Deduplicator doesn't support entries with price and inferred amount #98

Open
henrikssn opened this issue Jan 17, 2022 · 7 comments · May be fixed by #99
Open

Deduplicator doesn't support entries with price and inferred amount #98

henrikssn opened this issue Jan 17, 2022 · 7 comments · May be fixed by #99

Comments

@henrikssn
Copy link

henrikssn commented Jan 17, 2022

I have this in my ledger:

2016-09-25 * "Hooli Vest Event"
  Assets:US:Schwab:HOOL               1 HOOL {786.9 USD}
  Income:Salary:Hooli:GSU     CHF @ 0.968892 USD
  Assets:US:Hooli:Unvested:C123456  -1 HOOL.UNVEST
  Expenses:Hooli:Vested              1 HOOL.UNVEST

Exception:

  Traceback (most recent call last):
    File "/home/erik/.local/lib/python3.7/site-packages/beangulp/__init__.py", line 86, in _extract
      entries = extract.extract_from_file(importer, filename, existing_entries)
    File "/home/erik/.local/lib/python3.7/site-packages/beangulp/extract.py", line 44, in extract_from_file
      entries = importer.deduplicate(entries, existing_entries)
    File "/home/erik/.local/lib/python3.7/site-packages/beangulp/importer.py", line 167, in deduplicate
      return extract.mark_duplicate_entries(entries, existing, window, self.cmp)
    File "/home/erik/.local/lib/python3.7/site-packages/beangulp/extract.py", line 125, in mark_duplicate_entries
      if compare(entry, target):
    File "/home/erik/.local/lib/python3.7/site-packages/beangulp/importer.py", line 145, in cmp
      return compare(a, b)
    File "/home/erik/.local/lib/python3.7/site-packages/beangulp/similar.py", line 101, in __call__
      amounts1 = self.cache[id(entry1)] = amounts_map(entry1)
    File "/home/erik/.local/lib/python3.7/site-packages/beangulp/similar.py", line 151, in amounts_map
      amounts[key] += posting.units.number
  TypeError: unsupported operand type(s) for +=: 'decimal.Decimal' and 'type'
@henrikssn henrikssn linked a pull request Jan 17, 2022 that will close this issue
@dnicolodi
Copy link
Collaborator

Interesting, I didn't know that this is valid Beancount syntax. To clarify, the ledger snippet above is emitted by your importer or is it in the existing ledger?

@henrikssn
Copy link
Author

The snippet above is in my existing ledger (both v2 and v3 accepts it), and it is actually quite tricky to fill in the blank as there is a currency conversion involved.

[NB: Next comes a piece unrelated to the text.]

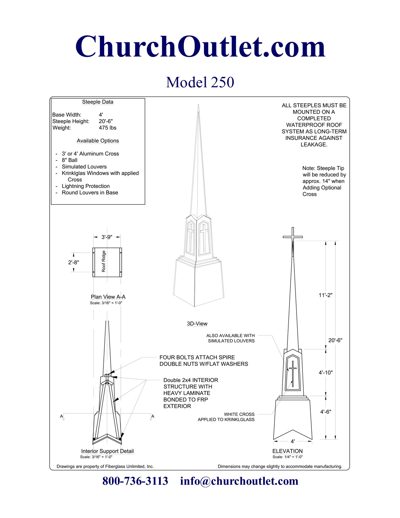 If you still have questions about purchasing a fiberglass steeple feel free to contact us.

@henrikssn henrikssn reopened this Jan 17, 2022
@dnicolodi
Copy link
Collaborator

dnicolodi commented Jan 17, 2022

Then I don't understand why the deduplication code sees the MISSING value: the booking code should take care of filling in the missing value. A quick test indeed confirms that using the snippet above as existing ledger in beangulp extract downloads/ -e existing.beans works just fine.

Do you invoke the deduplication code in a custom way that uses parse_file() instead than load_file() to parse the existing ledger? From the traceback you reporter, it would not seem so. I'm confused. Can you post a more exact reproducer?

@blais
Copy link
Member

blais commented Jan 17, 2022

What's the content of your accounts' inventories just before the transactions?
(use bean-doctor context)

@henrikssn
Copy link
Author

henrikssn commented Jan 18, 2022

Here is a minimal ledger which reproduces the issue:

2016-09-25 open Assets:US:Schwab:HOOL HOOL
2016-09-25 open Income:Salary:Hooli:GSU CHF
2016-09-25 open Assets:US:Hooli:Unvested:C123456 HOOL.UNVEST
2016-09-25 open Expenses:Hooli:Vested HOOL.UNVEST

2016-09-25 * "Hooli Grant C123456"
  Income:US:Hooli:Awards                -100 HOOL.UNVEST
  Assets:US:Hooli:Unvested:C123456      100 HOOL.UNVEST

reproduce_issue98.py

import dateutil.parser

from beancount.core.amount import Amount
from beancount.core.data import EMPTY_SET, new_metadata, Posting, Transaction
from beancount.core.number import Decimal, MISSING
from beancount.core.position import Cost

import beangulp
from beangulp import mimetypes
from beangulp.cache import cache
from beangulp.testing import main

class Importer(beangulp.Importer):
  """Reproduce beancount/beangulp/issues/98."""

  def __init__(self):
    pass

  def identify(self, filepath):
    if not "reproduce_issue98.csv" in filepath.lower():
        return False
    return True

  def filename(self, filepath):
    return 'reproduce_issue98.csv'

  def account(self, filepath):
    return None

  def date(self):
    return dateutil.parser.parse("2016-09-25").date()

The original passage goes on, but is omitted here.